LeBron James has had happier birthdays. Healthier ones, for sure.

James spent his 20th at home, nursing a broken left cheekbone sustained when he ran into Houston center Dikembe Mutombo's elbow during the Cavaliers' 98-87 loss to the Rockets on Wednesday night.

Once the swelling in his face goes down, James will be fitted with a protective mask that he'll have to wear during games until the fracture is fully healed. The Cavaliers don't play again until Monday at Charlotte, giving James time to rest.

Coach Paul Silas was relieved James' injury wasn't more serious and remains hopeful that the first-place Cavaliers will have their star player back soon.

"Your worst fears are that he's going to be out for a long time," Silas said after Thursday's practice. "If they had to operate it could have been four or five weeks. He'll have to get adjusted to the mask, but at least he'll be able to play."

James' agent, Aaron Goodwin, wouldn't be surprised if James is back in time to face the expansion Bobcats.

"Knowing LeBron, he'll play," Goodwin said. "That's all he was mad about last night, that he couldn't play."

The Cavaliers were preparing themselves for much worse news after seeing the reigning NBA Rookie of the Year crumble to the floor late in the second quarter after being nailed accidentally by Mutombo.

James was moving quickly across the middle of the foul lane while trying to steal a pass from Tracy McGrady when his momentum carried him into the 7-foot-2 center, whose sharp elbows have done damage in the league for years. Mutombo's elbow caught James near his left eye, dropping the 6-8, 240-pounder.

He rolled onto his stomach and stayed face down for several seconds while play continued and the sellout crowd in Gund Arena fell silent.

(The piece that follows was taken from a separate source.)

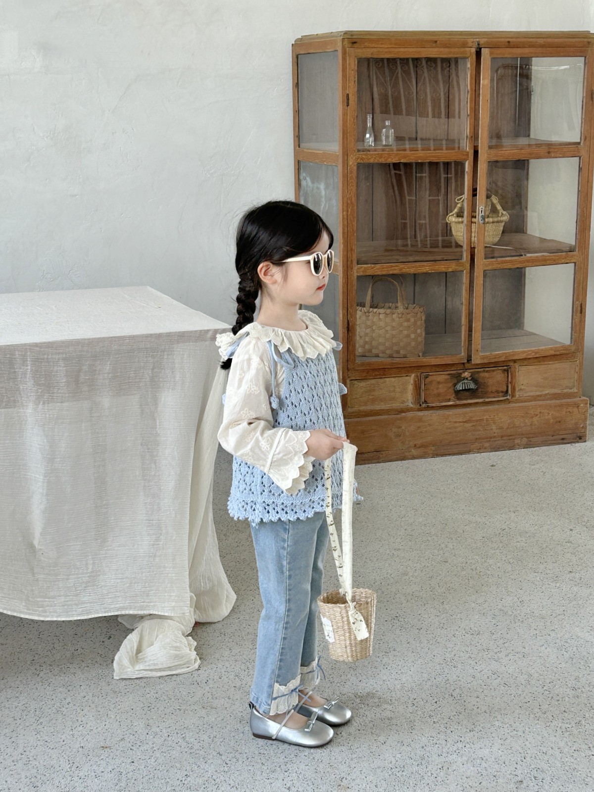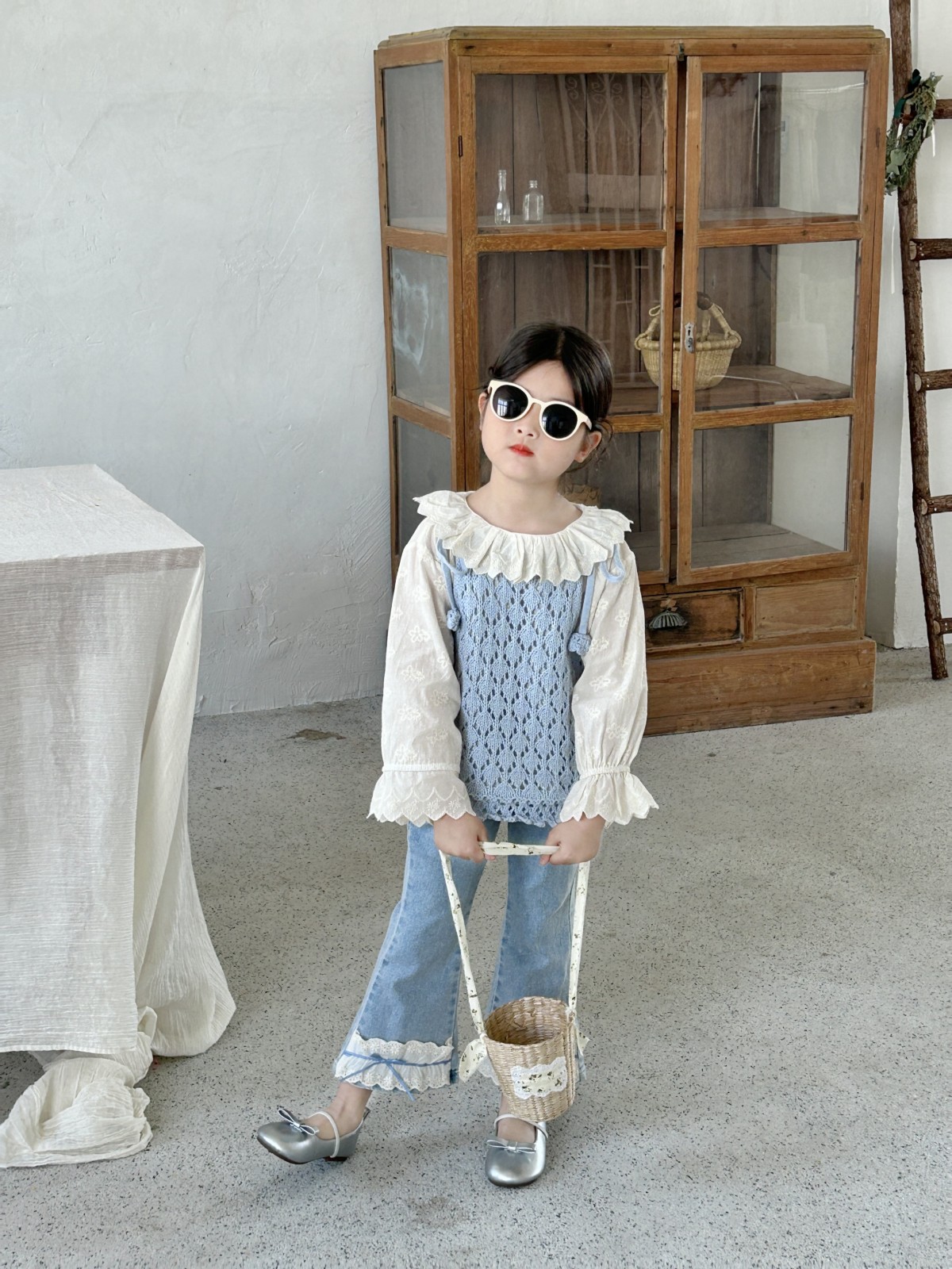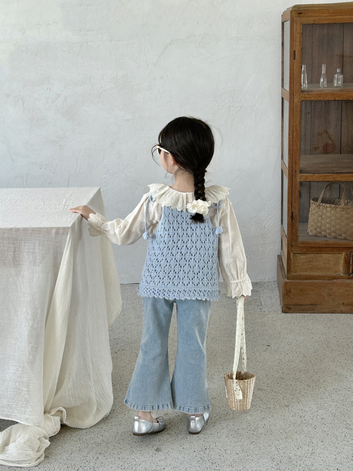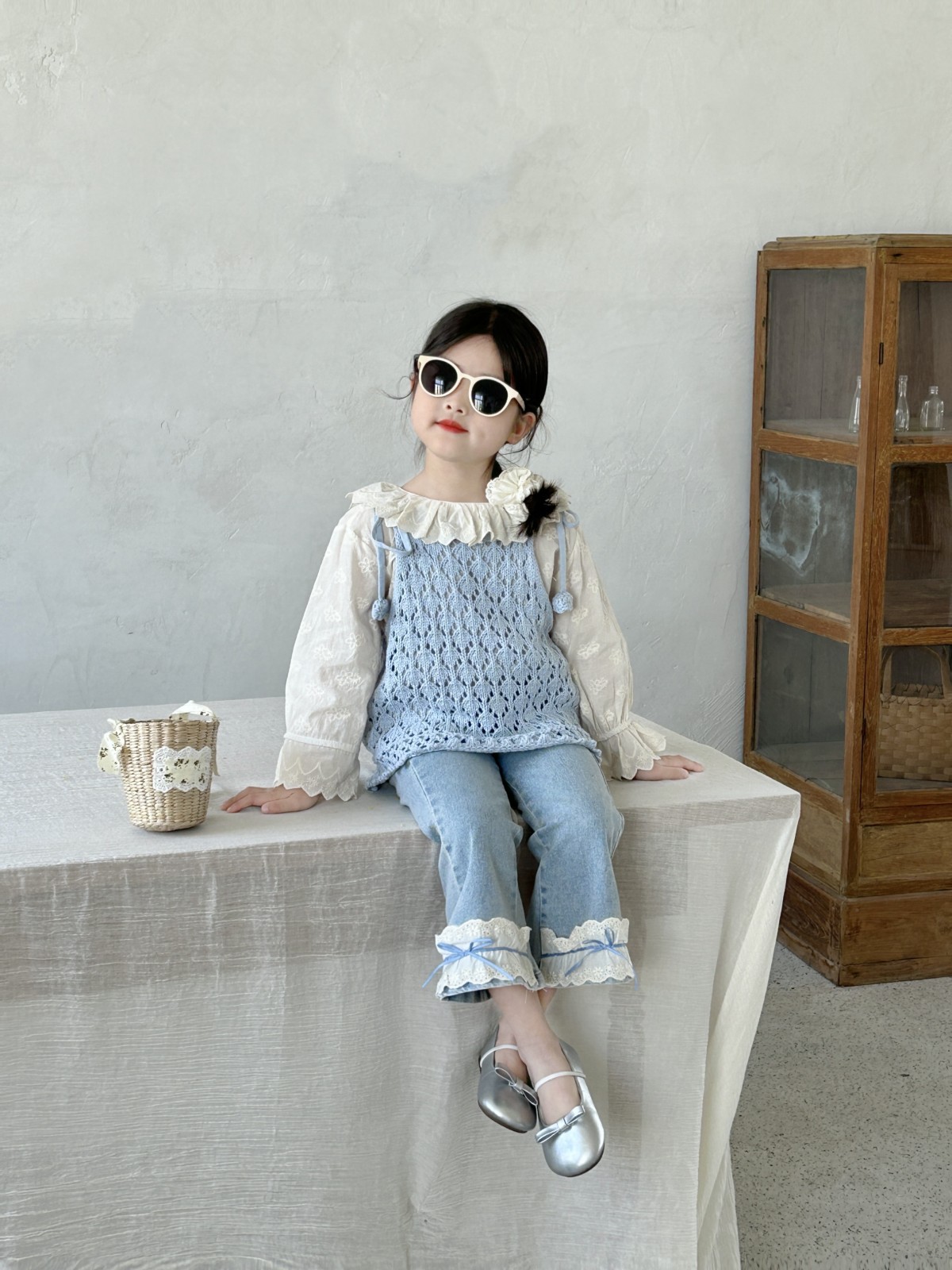 여자 세트 2025 봄 새로운 한국 아기 크로 셰 뜨개질 빈 조끼 청바지 셔츠 세트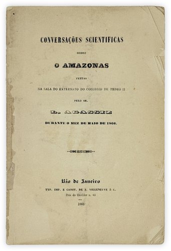 Louis Agassiz. Conversações scientificas sobre o amazonas : feitas na sala do externato do Collegio de Pedro II durante o mez de maio de 1866 [i.e.Scientific discussions about the Amazon: held in the lecture hall of the Pedro II College during the month of May 1866]. Rio de Janeiro: Typ. Imp. e Const. de J. Villeneuve, 1866.

James told Silas that he briefly lost consciousness.

He was helped off the floor and taken to the Cleveland Clinic, where he was examined by two specialists. James underwent X-rays and a CAT scan, which revealed the facial fracture below his left eye.

"He's a very fortunate young man," Cavaliers trainer Max Benton said. "In this case, this was the best of a worst scenario."

Ironically, before the game Cleveland guard Eric Snow had reminded James to watch out for Mutombo's omnipresent elbows.

"He has probably hit his teammates more than he hits opponents," said Snow, who played with Mutombo in Philadelphia.